Surveys and Thought Experiments

I’m generally sceptical of the value of surveys, as currently conducted by practitioners of ‘experimental philosophy’ as a way of getting clear about what’s going on in philosophically interesting thought experiments. The most systematic reason for this scepticism comes from thinking about what exactly is going on in thought experiments.

Following “Jonathan Ichikawa and Ben Jarvis”:http://www.springerlink.com/content/e18273428248528p/, I think examples in philosophical works should be thought of as small fictions. In particular, they’re a type of genre fiction. The genre is the same one, broadly, that fables and parables fall into. (This way of thinking about thought experiments makes Aesop an important figure in the Western philosophical canon, which isn’t a bad result I think.) Like any kind of genre fiction, there are important interpretative constraints on these fictions. If you present the story in a different ‘mode’, it should be, and will be, interpreted differently.

The way in which fables/parables/thought experiments should be interpreted has some particularly quirky features.

At least some of the time, realism isn’t important. We don’t object to Aesop’s stories because they feature talking animals. We don’t object to parables if the story doesn’t really make sense from the perspective of non-central characters. (The striking effect we get when retelling a familiar biblical or mythical story from the perspective of a non-central character is something Nick Cave has made good use of over the years.) And we shouldn’t object to thought experiments because they require a curious series of coincidences. Indeed, the best fables/parables/thought experiments are often quite unrealistic because everything about the back story is so ‘neat’. They don’t have characters like Ulysses’ M’Intosh who simply don’t fit into the story, and people simply know, in a way that doesn’t leave the possibility of doubt even open, the things that are stipulated as true.

These stories are meant to have a point, or a moral. The intended point guides interpretation of the story. We’re meant to interpret the story in a way that makes it a fitting illustration of the moral. It would be wrong to interpret the story of the fox and the grapes as one in which the fox gets evidence that the grapes are sour and therefore leaves. And that would be wrong in part because the point is about our attitude towards what we cannot have.

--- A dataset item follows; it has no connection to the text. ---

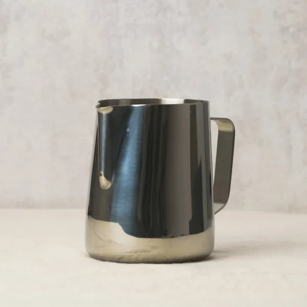 Professional quality straight sided Yagua Foaming Milk Jug with lined measurements etched on both sides for right and left handed milk frothing, improved accuracy and less wastage. Narrow spout for superior pouring control and latte art

The same thing is true in philosophical experiments I think. It would be wrong to interpret the Gettier example as one in which the subject has independent evidence for the justified true belief that isn’t known, or in which they aren’t justified in inferring the target proposition because the evidence for it is from a source they have independent reason to doubt. It isn’t even really necessary to state this in the example, because once we know it’s an attempt to show that justified true belief without knowledge is possible, general principles of interpretation will fill in the details.

But that means we have to know what principle the example is meant to show. And that’s why I suspect there’s a deep problem here for experimentation on the examples. We suspect that telling people the point that an example is meant to show will seriously interfere with how they evaluate the example. (I assume this is why subjects in existing surveys are not normally told what hypothesis is being tested.) But not telling people the intended point of the example will interfere with how they interpret the example.

I suspect the best way out of this problem is to investigate people who do know the intended point of the example, and hence who know how it is meant to be interpreted. But I don’t think they are suitable subjects for a controlled experiment.

This point is related to the worry that it takes a bit of training to be able to distinguish between different hypotheses that the thought experiment might be intended to show. But I suspect it goes a little deeper. In principle we could explain the distinctions without telling people the intended outcome of the experiment, and hence ‘contaminating’ it. Not so if the intended outcome is an essential part of interpreting the story being told.

Having said all that, I want to strongly agree with something that “Alan White”:http://tar.weatherson.org/2010/08/20/philosophy-in-the-new-york-times/#comment-6267 said in the previous thread. Experimental work on subjects who aren’t familiar with the debate can tell us a lot about how people interpret these thought experiments. And that can be incredibly useful for communicating the results and arguments, either to colleagues in other disciplines, or to students. I know that’s not what experimental philosophers are aiming to show, but I think it’s a valuable side-effect of their work. Indeed, if I’m right about thought experiments being genre fictions, and the genre being one philosophical training makes you much more familiar with, we’re probably all making lots of mistakes about how people interpret our examples. Experimental work is an incredibly good way of correcting these misimpressions.

To be sure, I know that experimental philosophers are aiming much higher than merely clarifying philosophical examples. But I think those of us who are sceptical of some experimental work should not overlook its values that aren’t affected by extant criticism.